Material to process:
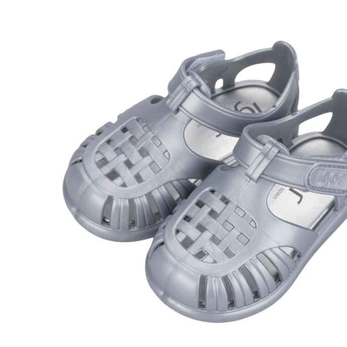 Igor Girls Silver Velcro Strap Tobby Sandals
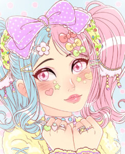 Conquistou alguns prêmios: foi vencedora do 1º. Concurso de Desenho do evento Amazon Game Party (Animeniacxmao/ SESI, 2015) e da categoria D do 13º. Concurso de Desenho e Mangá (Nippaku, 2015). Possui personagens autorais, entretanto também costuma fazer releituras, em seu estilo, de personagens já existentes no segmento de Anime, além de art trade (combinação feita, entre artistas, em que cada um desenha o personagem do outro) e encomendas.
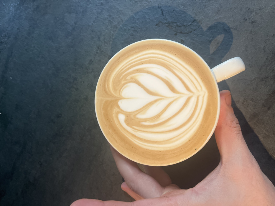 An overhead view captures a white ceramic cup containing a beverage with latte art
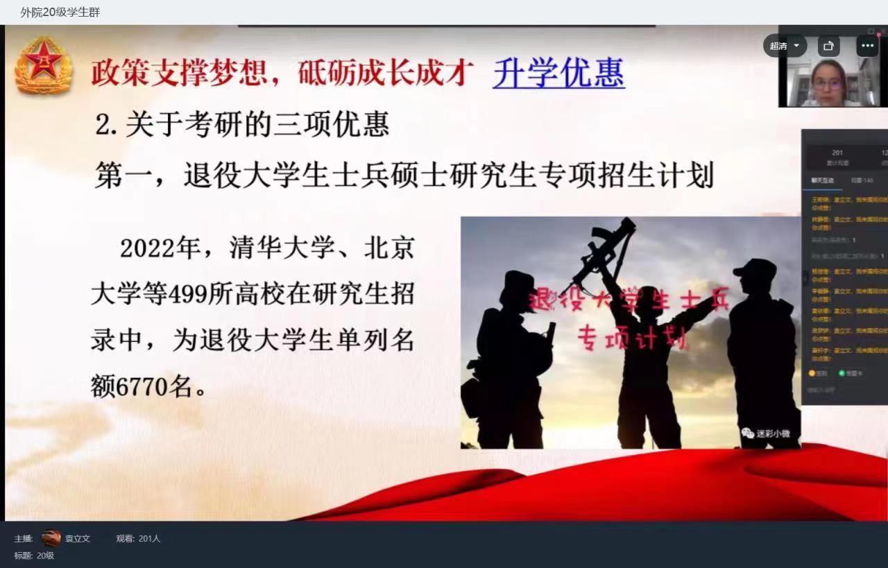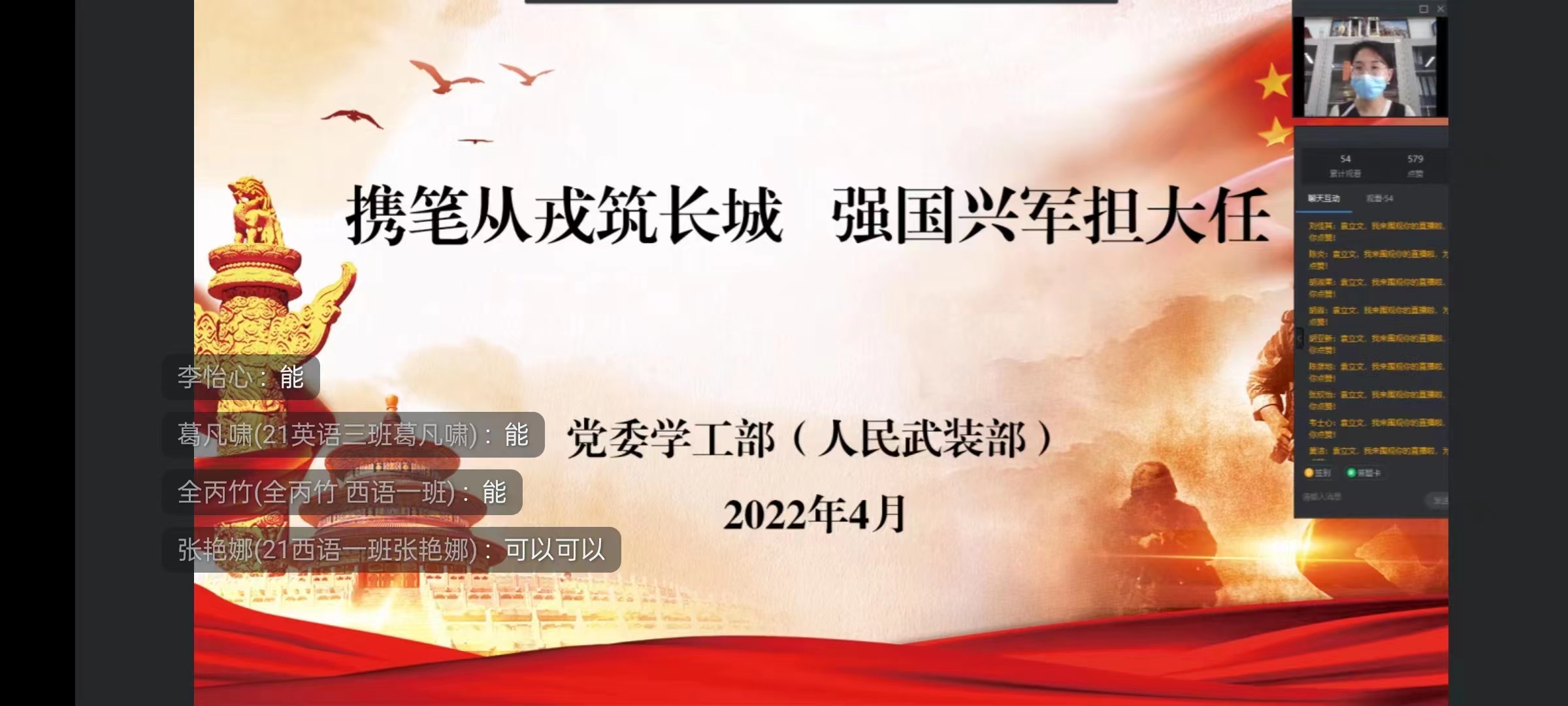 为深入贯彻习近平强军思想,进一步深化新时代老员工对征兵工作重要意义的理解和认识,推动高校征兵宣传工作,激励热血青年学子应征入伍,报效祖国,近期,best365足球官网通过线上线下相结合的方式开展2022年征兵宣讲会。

---

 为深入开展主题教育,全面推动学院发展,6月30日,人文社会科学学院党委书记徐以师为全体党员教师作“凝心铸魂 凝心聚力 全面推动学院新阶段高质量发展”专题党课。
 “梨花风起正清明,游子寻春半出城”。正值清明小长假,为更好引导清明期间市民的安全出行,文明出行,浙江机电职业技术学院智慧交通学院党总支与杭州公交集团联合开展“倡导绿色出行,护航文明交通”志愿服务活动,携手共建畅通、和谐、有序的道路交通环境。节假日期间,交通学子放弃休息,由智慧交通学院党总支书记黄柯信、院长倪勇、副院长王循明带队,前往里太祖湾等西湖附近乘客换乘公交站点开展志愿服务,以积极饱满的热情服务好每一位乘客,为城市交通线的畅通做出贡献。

--

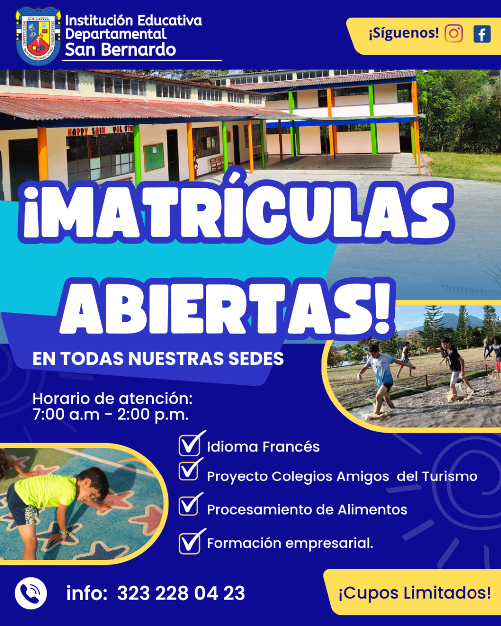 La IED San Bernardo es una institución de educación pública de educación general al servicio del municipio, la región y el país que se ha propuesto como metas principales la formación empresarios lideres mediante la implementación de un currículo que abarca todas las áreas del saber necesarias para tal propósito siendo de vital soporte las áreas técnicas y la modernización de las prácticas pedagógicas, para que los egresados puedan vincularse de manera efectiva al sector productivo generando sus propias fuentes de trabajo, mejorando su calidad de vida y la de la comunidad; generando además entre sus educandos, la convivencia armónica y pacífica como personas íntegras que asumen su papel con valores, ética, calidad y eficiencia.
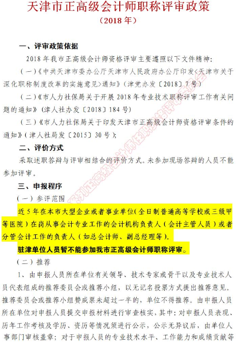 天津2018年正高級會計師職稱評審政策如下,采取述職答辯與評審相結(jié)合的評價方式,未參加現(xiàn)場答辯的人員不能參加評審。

What you are asked to do: What you return must match the lines above from the one with "La IED San Bernardo" through the one with "天津2018年正高級會計師職" exactly, with both ends included and the pictures excluded.

Answer area:
 La IED San Bernardo es una institución de educación pública de educación general al servicio del municipio, la región y el país que se ha propuesto como metas principales la formación empresarios lideres mediante la implementación de un currículo que abarca todas las áreas del saber necesarias para tal propósito siendo de vital soporte las áreas técnicas y la modernización de las prácticas pedagógicas, para que los egresados puedan vincularse de manera efectiva al sector productivo generando sus propias fuentes de trabajo, mejorando su calidad de vida y la de la comunidad; generando además entre sus educandos, la convivencia armónica y pacífica como personas íntegras que asumen su papel con valores, ética, calidad y eficiencia.
 天津2018年正高級會計師職稱評審政策如下,采取述職答辯與評審相結(jié)合的評價方式,未參加現(xiàn)場答辯的人員不能參加評審。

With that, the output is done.